The pilot comes on the intercom. “How was your training mission, sir?”
“Routine,” I say.
Chapter 38
A day later I’m back at the home of Ray and Marilyn Winston, sitting on the couch in the room that had been designed for a nursery. The television is on—though muted—and Marilyn is in the kitchen, making us coffee. Allison is sitting next to me, making her dull government clothes look like high fashion, and I say, “And you let that precinct captain live?”
“Too many witnesses,” she says, frowning.
“But…you actually complied? Really?”
I sense she’s getting angrier with each passing moment and I hate to admit it, but I find it amusing. “Look, a police precinct captain came up and was giving me a ration of grief for being parked in a fire lane. He told me to move, and I told him I couldn’t. It must have been the first day of his promotion and he was looking to flex his muscle. He refused to check my credentials, call anyone. Finally, he said ‘I don’t care who you are. You’re under arrest and your car’s impounded.’ I could have taken him out in about three seconds but that would have led to a lot of paperwork. Luckily, the NYPD tow truck hadn’t arrived to impound the car when you dragged Jack out of there.”
I don’t quite know what to say, but I’m enjoying this. I’m also enjoying the bright sunny day in this house, a scent of cinnamon and the slight smell of something else I can’t quite put my finger on.
“So when I was leaving the restaurant, dragging Jack Zach next to me, you were being interrogated and fingerprinted at the local precinct? Boy, I’d pay a month’s pension to get prints of those photos.”
She snaps back. “They don’t exist. And it’s your damn fault. It took you too long to get the job done.”
“So says you.”
“And I’m right.”
Marilyn comes in, holding two mugs of coffee, and I take one and take a sip, tasting harsh bitterness, and without a word, I trade it with Allison. Marilyn smiles. “You two fighting again?”
“Like cats and dogs,” Allison says.
“Like star-crossed lovers,” I say, and Marilyn’s smile gets wider while Allison stomps on my foot.
That’s a good excuse to get up, which is what I do. I give up my place on the couch to Marilyn, and Allison says, “Hold on, we’re coming up to the top of the hour,” and she picks up a remote and unmutes the television.
It’s a competing cable news network from INN—Jack Zach’s network—and their top story is Famed Journalist’s Desert Ordeal.
There’s a male and female duo on the screen that crack jokes at each other and comment on the morning news. This time, though, they remain silent as the news package is broadcasted.
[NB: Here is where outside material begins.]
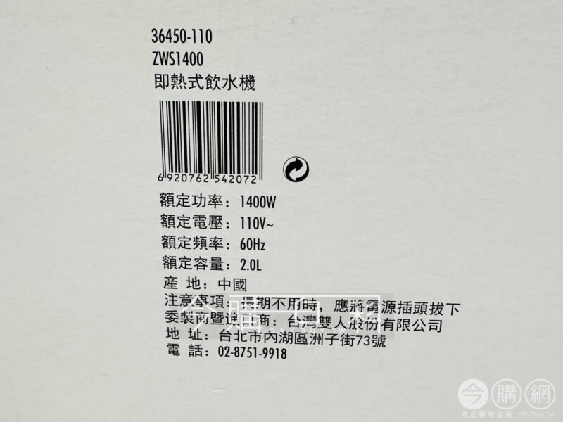 ZWS1400 容量 2公升

And whaddaya know, it’s Jack Zach, in the desert, crying and sniffling and confessing all of his sins. And said sins were very well recorded by some of the new gear I was carrying.
Thank God I figured out how to make it work.
When the news package is completed, there’s a moment of silence in the competing network’s newsroom, and the woman picks up some of her script, shuffles it around, and says, “Well. That’s a story.”
“Sure is,” her male counterpart says, peering down at something on his immaculate desk. “According to this latest news report, Jack Zach reported that he was, ah…kidnapped from Jean-Paul in Manhattan—”
“At least he had a nice final meal!” she interrupts, and her partner laughs and goes on. “Right. Kidnapped. To an isolated airstrip in New Jersey, and…forced on a black airplane, and taken to the Mojave Desert.”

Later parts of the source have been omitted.